Ce qui semblait avoir brusquement interrompu le flux habituel de nos existences comme par magie, ou par erreur, ce qu'on guettait et qui nous guettait en retenant jour après jour notre souffle, c'était l'abdication ultime face à la force inouïe de l'intrusion, jusqu'au plus caché, au plus secret, au plus intime de nos vies.
Un regard paralysant sur une surface maintenant entièrement éclairée, une mise en ordre définitive allaient jusqu'à nous immobiliser, comme pris au piège dans nos propres coins sombres, dans nos angles et nos renfoncements, dans tous ces lieux où chacun avait cru jusqu'à présent pouvoir divaguer sans surveillance et qu'il considérait en toute naïveté comme des refuges inaccessibles.

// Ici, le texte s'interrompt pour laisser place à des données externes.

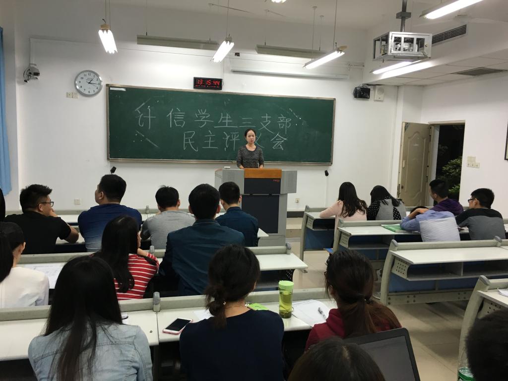 根据《中共2138CC太阳集团委员会关于在全校党员中开展“学党章党规、学系列讲话,做合格党员”学习教育实施方案》的总体部署,按照《计信学院党总支“两学一做”学习教育实施方案》的统一要求,计信学院学生第三党支部于5月19日下午在慧智楼90201教室召开了“两学一做”学习教育活动,支部书记李菁,支部委员曹怡以及全体支部学生党员参加了此次活动。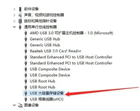 3、在設備管理器窗口中,點擊展開“通用串行總控制器”,選擇“USB大容量存儲設備”;

Quelque chose comme sa propre peau et l'usage qu'il croyait pouvoir en faire lorsqu'il souhaitait se pelotonner dans sa solitude première et qui se trouvait depuis de semaines effleuré, observé, griffé, ausculté, menacé, puni, condamné nuit et jour avec l'insécurité grandissante et la pression de la certitude de ne plus pouvoir en retrouver le pouvoir protecteur qu'au prix du prochain anéantissement de tout ce qui l'entourait.

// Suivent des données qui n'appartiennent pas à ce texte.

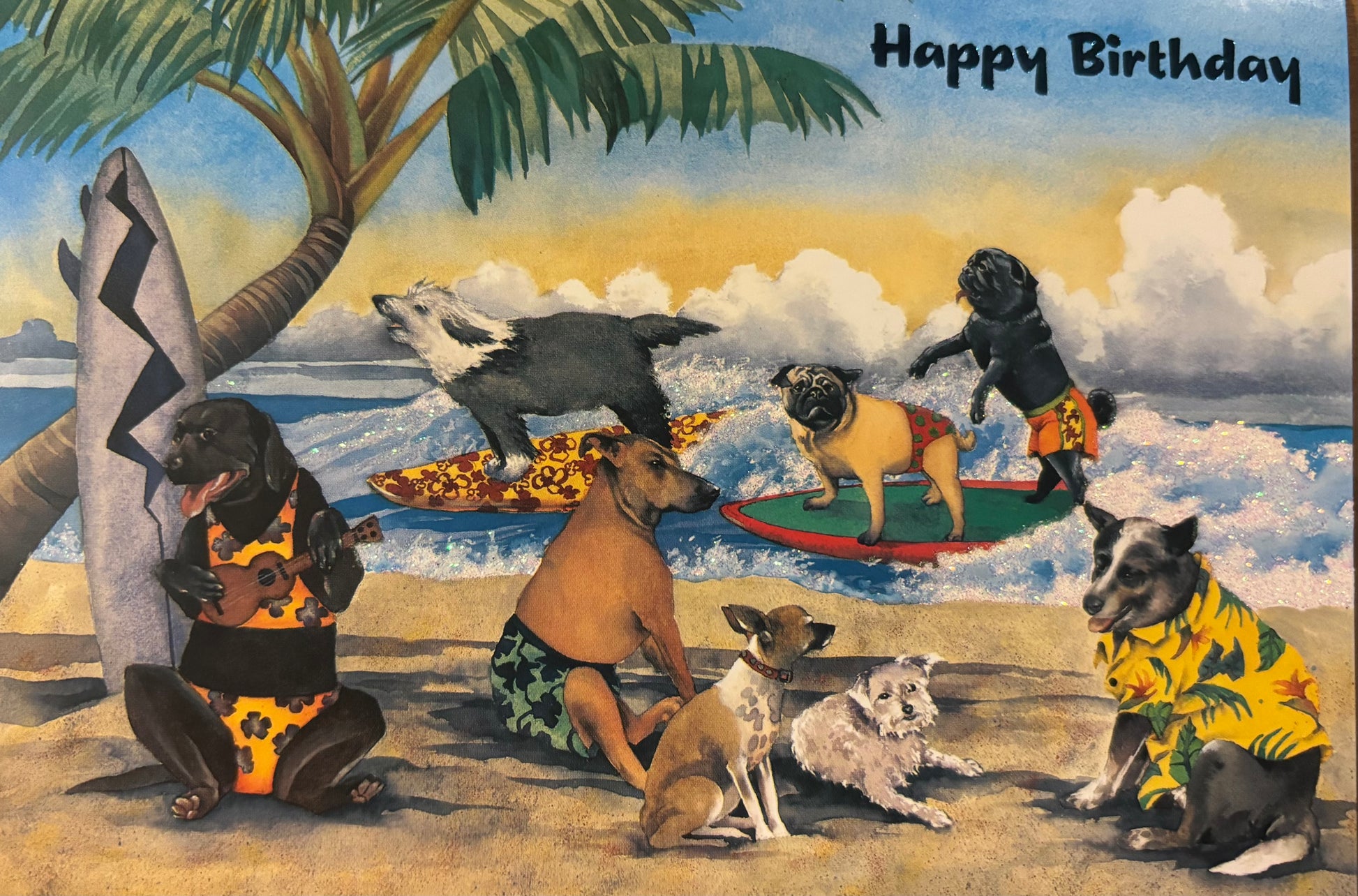 7x5 Cute dogs hanging out and surfing.

Tout de l'intimité avait été retourné puis exhibé puis effacé avec une telle brutalité que n'en restait audible qu'une sorte de plainte à laquelle se mêlaient parfois de profonds soupirs d'épuisement. "On ne va pas pouvoir tenir !"
" Du courage ! De la rigueur ! De la compassion !"
" Vous êtes poursuivis, vous êtes surveillés, vous êtes controlés, vous êtes vulnérables, vous êtes libres !"
" Faites-le pour tous les autres !"
" Sauvez-les, sauvez-nous, sauvez-vous !"
Les bains quotidiens dans la même mélasse incriminatrice nous avaient rendu obsédés par ces comptes à rendre en permanence à des vapeurs, à des ombres, à des mortifiés potentiels impossibles à identifier mais dont le salut nous incombait entièrement.
Et petit à petit ne restait plus, de la fine toile des échanges imbriqués, des croisements et des nœuds qui enveloppent et dessinent à la fois l'inépuisable complexité des va-et-vient entre les créatures, que cette injonction : " Sauvez-les, sauvez-nous, sauvez-vous !" infiltrée dans toute notre fibre, figée de plus en plus dans une surprenante inertie.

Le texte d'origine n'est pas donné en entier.